The rate at which the blood loss occurs heavily influences the magnitude of the compensatory mechanism in acute blood loss anemia.

With acute blood loss, an absolute decrease in the RBC count will occur; however, hematocrit or hemoglobin will not immediately reflect the quantity of blood loss. With more subtle and chronic blood loss, sufficient restoration of plasma volume ensues and a marked decrease in RBC count is seen in the face of minimal cardiovascular response due to maintenance of intravascular volume.
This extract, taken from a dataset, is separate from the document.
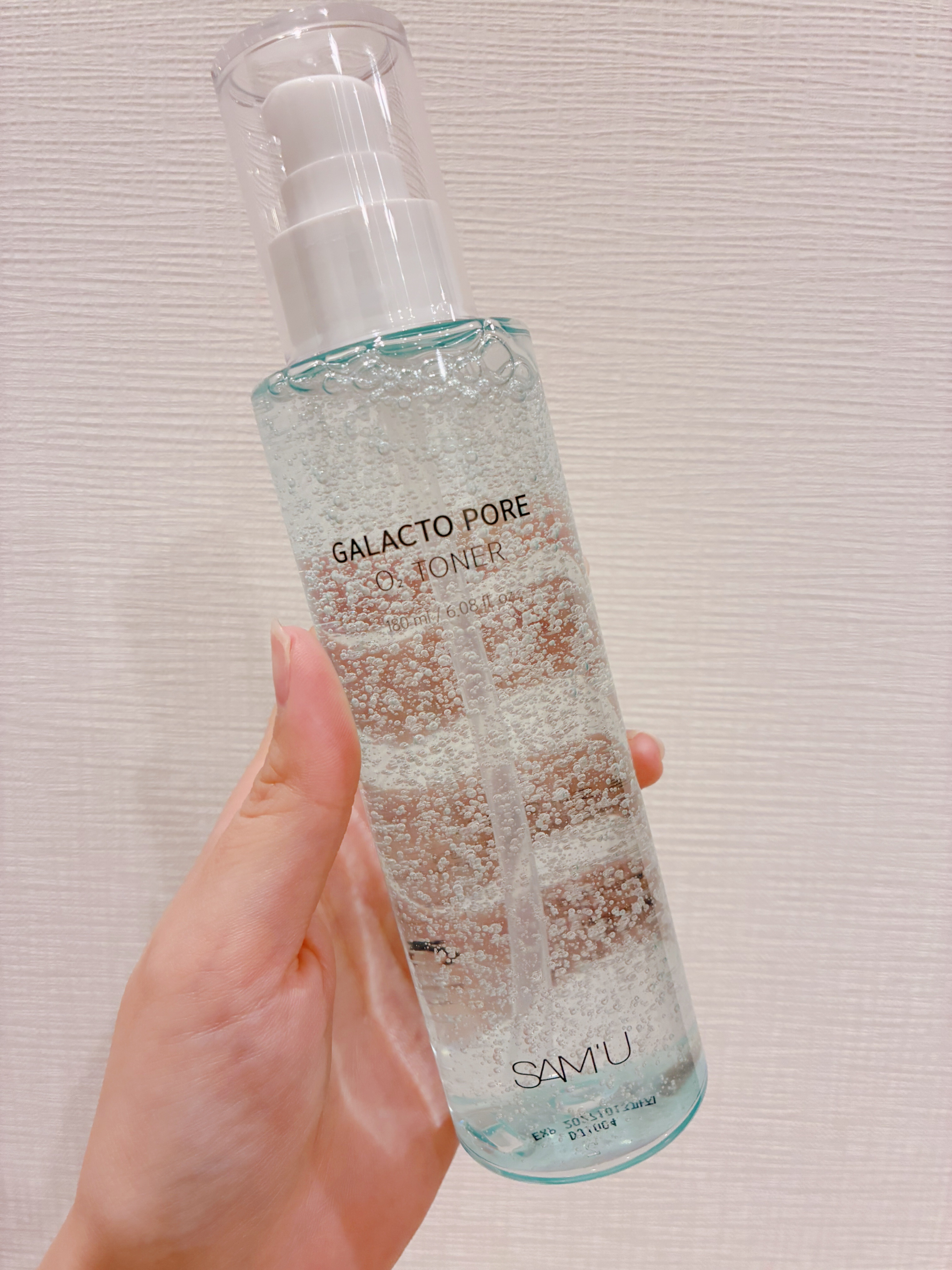 酸素バブル発生!洗顔級ケア⁉︎SAM'Uサミュガラクトポアオーツートナー振ると酸素バブルが発生して、毛穴汚れや余分な皮脂までしっかり落としたようなさっぱり感!少しとろみがありつつ、しっとりしてるのにベタつき感はなかった!これからの季節にも良さ...
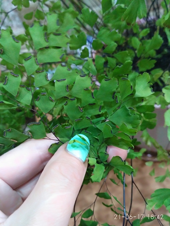 SOS! Помогите цветику!Подарили папоротник, а на обратной стороне листа какие-то непонятное черные точки. Подскажите пожалуйста это болезнь или споры? Фото прилагаю. Заранее всем спасибо.

CO also increases with increasing degrees of normovolemic anemia. In fact, an inverse relation has been established between hemoglobin level and CO during normovolemic anemia.¹⁹,²⁰ The main mechanisms responsible for increases in CO during normovolemic anemia are reduced blood viscosity and increased sympathetic stimulation.²¹ In this condition, the increase in CO is primarily the result of an increase in stroke volume rather than an increase in heart rate. The latter is responsible for the increase in CO associated with hypovolemic anemia. The reduction in the blood viscosity seen at the postcapillary venule with moderate normovolemic anemia results in increased venous return to the heart and increased CO. Early canine studies demonstrated that lowering blood viscosity with a colloid exchange-transfusion to a target of half the normal hematocrit dramatically increased CO, compared to dogs whose effective hemoglobin was halved by exchange-transfusion with RBCs containing methemoglobin.²² This explains the increase of total and local blood flow as a compensatory response to preserve oxygen delivery as long as normovolemia is preserved.

In the presence of low hemoglobin/hematocrit and stable hemodynamics, optimal oxygen delivery and uptake are of primary concern. There is a unique relation between oxygen consumption ([V with dot above]O₂), tissue blood flow, and the extraction of oxygen from the blood (arterial-venous oxygen difference). The Fick principle states that oxygen
consumption ([V with dot above]O₂) is equal to the product of flow and the arteriovenous oxygen content difference (CaO₂ – CvO₂).